MassMoCA: Nature Public Symposium, Tree Pep Rally
The public symposium features a keynote by writer and philosopher Báyò Akómoláfé that poses questions for our ecological future.
Artists, scholars, and students convene to share their experiences on what co-becoming means to them in their art, gardening, and land stewardship practices.
It will include the upcoming "Homecoming" exhibition's Amanda Lovelee and Jessica Gersony, and Pallavi Sen and Sarah Workneh, Alejandra Salinas and Aeron Bergman, and Camila Marambio and Christy Gast.
Tickets to the symposium are $50 in advance; $40 students.
The exhibit
"Homecoming" opens on June 13 as part of the museum's free day. It is an immersive, outdoor environmental art exhibition designed to remember a deeper connection between humans and nature while playfully addressing the urgency of climate change that is causing plants to migrate, stated a press release.

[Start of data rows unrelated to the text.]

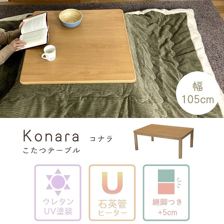 こたつ テーブル おしゃれ ローテーブル こたつテーブル 長方形 コタツ 炬燵 センターテーブル リビングこたつ 高さ調節 ナチュラル 北欧 木目 モダン リビング ダイニングこたつ コナラ 105cm 傷に強い UVウレタン塗装 ぽかぽか 石英管ヒーター 家具調 利根商会
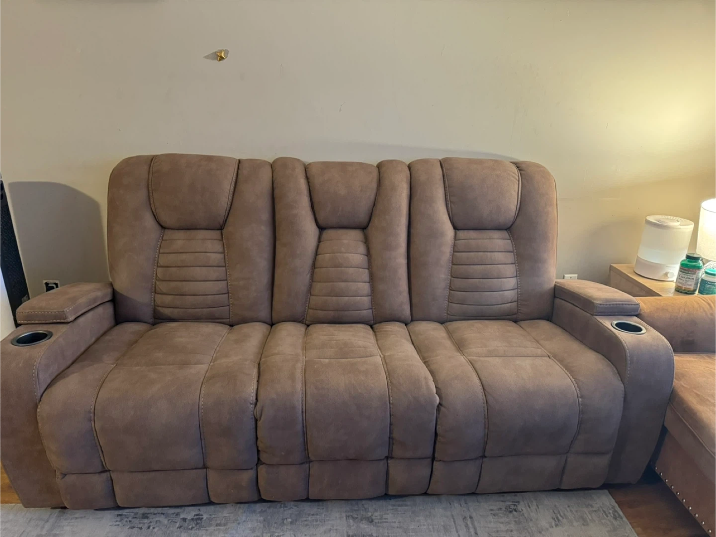 Three-seater reclining sofa in a brown faux suede fabric. It features multiple reclining positions and cupholders built into the armrests. Comfortable seating for the whole family!
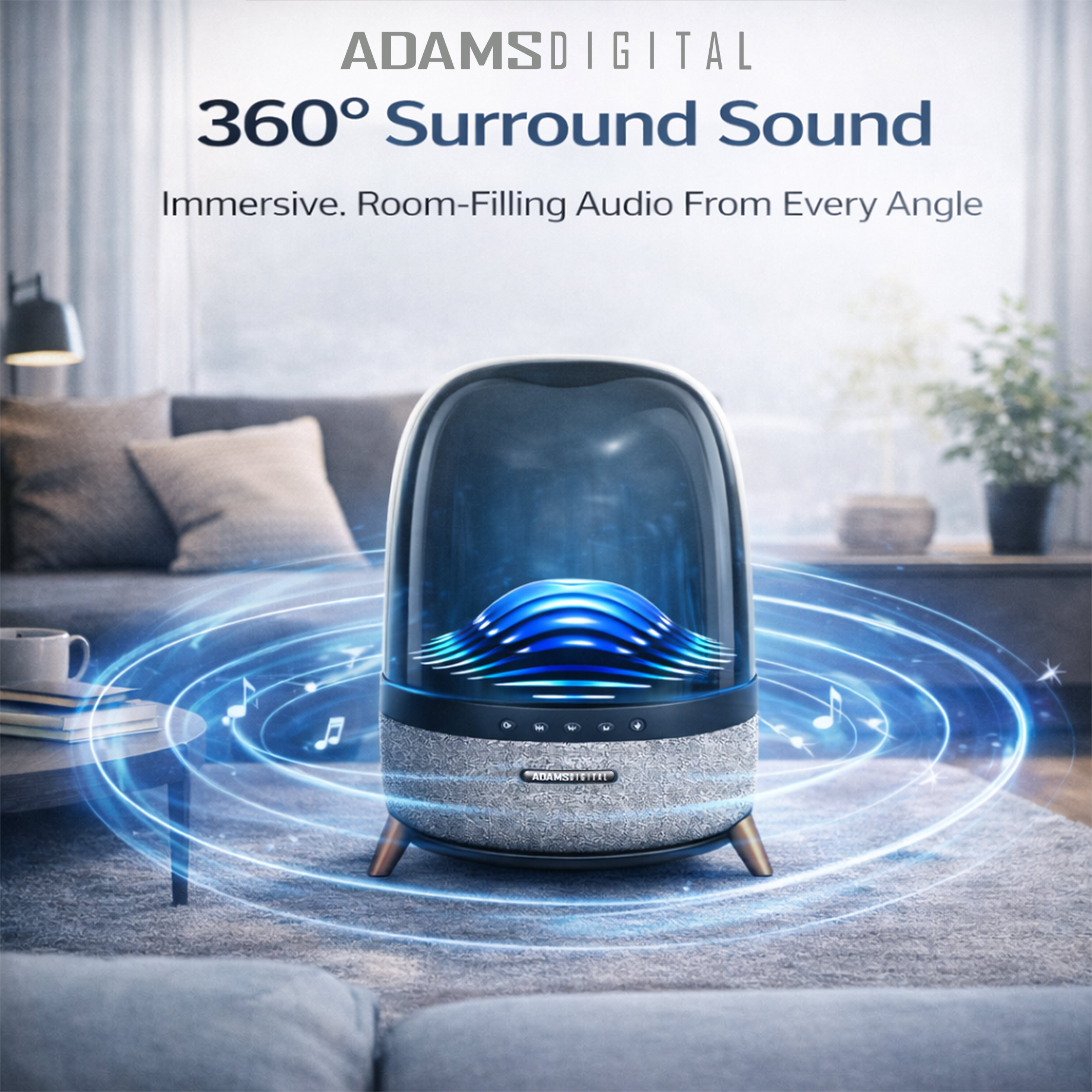 Bring immersive sound and atmospheric lighting into your home with the AD3 Aura Studio 3 by Adams Digital.
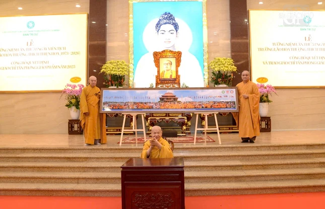 Dịp này, Ban Thông tin - Truyền thông GHPGVN TP.HCM trao tặng tấm ảnh đại biểu tham dự Đại lễ Vesak Liên Hiệp Quốc 2025 đến Ban Trị sự GHPGVN TP.HCM.
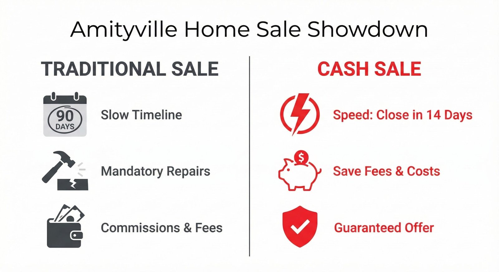 Saving on Commissions and Fees: When you sell to us, you are saving thousands of dollars on agent commissions, which usually take a massive six percent chunk out of your equity. This is why many savvy homeowners prioritize finding out how to sell my house fast in Amityville NY through a direct buyer instead of a broker.

According to a press release:
Gardens are choreographed sites with the most cyclically innate power to all life: to catch sunlight and transform energy into matter. Through gardening, we are able to cultivate physical and emotional energies, making us manipulators of the world. Nature is dialectic; we are one of many agents in a wide network.

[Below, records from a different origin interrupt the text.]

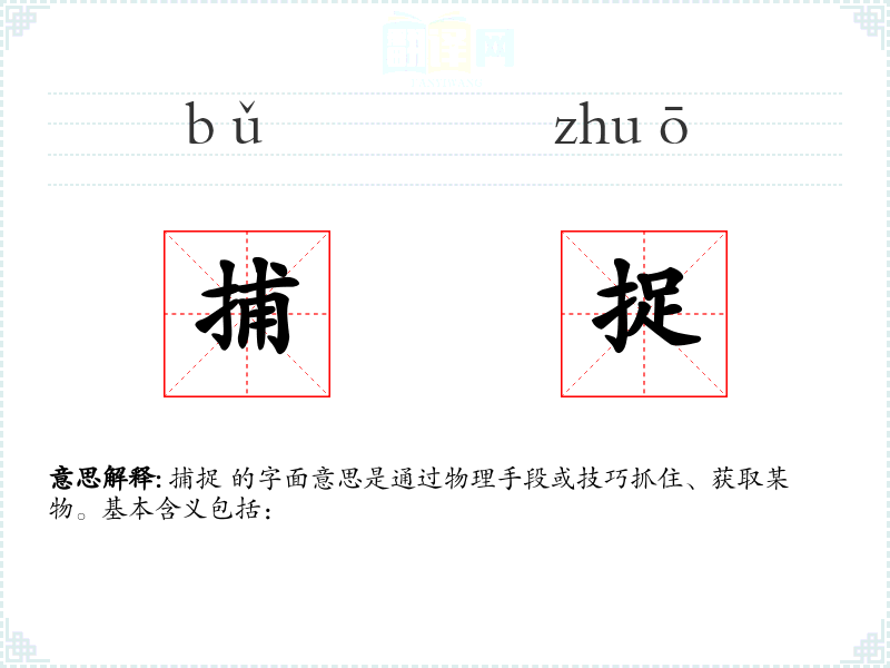 捕捉 的字面意思是通过物理手段或技巧抓住、获取某物。基本含义包括:
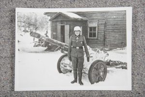New€400.00Rare Press Photo; Gerardus Mooyman in the size 4x5cm depicting Mooyman leaning on his 7,5 cm PAK gun. The photo is nice since this depicts the gun before he wrote the name Ria in the shield which is the best known photograph. The size is 6×8 cm and this is otherwise a unknown photograph.
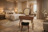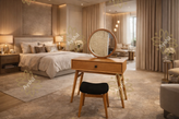 *🔸 **ابعاد و اندازه:** هر فضایی منحصر به فرد است. ابعاد و عمق این میز آرایش میتواند با دقت میلیمتری، مطابق با هندسه اتاق خواب شما تنظیم شود.
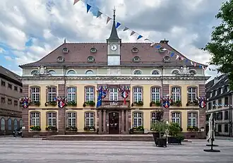 Meetings of the aldermen were held in the Citadelle de Belfort (Belfort Castle) until the end of the 16th century.[2][3] They relocated to a building referred to as the Ancien Hôtel de Ville (old town hall) near the Porte de Brisach (Brisach Gate) in 1602.[4][5]
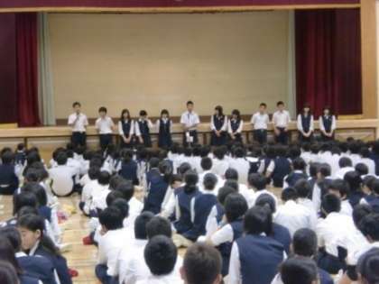 整列から司会進行まで生徒が行う生徒朝会があり、学級委員から9月の生活目標について説明がありました。

Humanity continues to create gardens to ecologize, although we have blighted them through histories of apartheid, colonialism, and control, and we continue on this path. Gardening reframes choice and power, as it produces allowances and realizations to know what it means to be with others in difference, to know
unknowing, and to give humanity’s control to the ecological network that we are a part of.
Our intention is to dissolve boundaries of information-sharing between species and ecological processes and realize how truly interconnected we are in nature.
Homecoming envisions a symbolic micro field station for two trees in residence participating in assisted plant migration. Join the museum in welcoming two "trees in residence" that are part of the exhibit.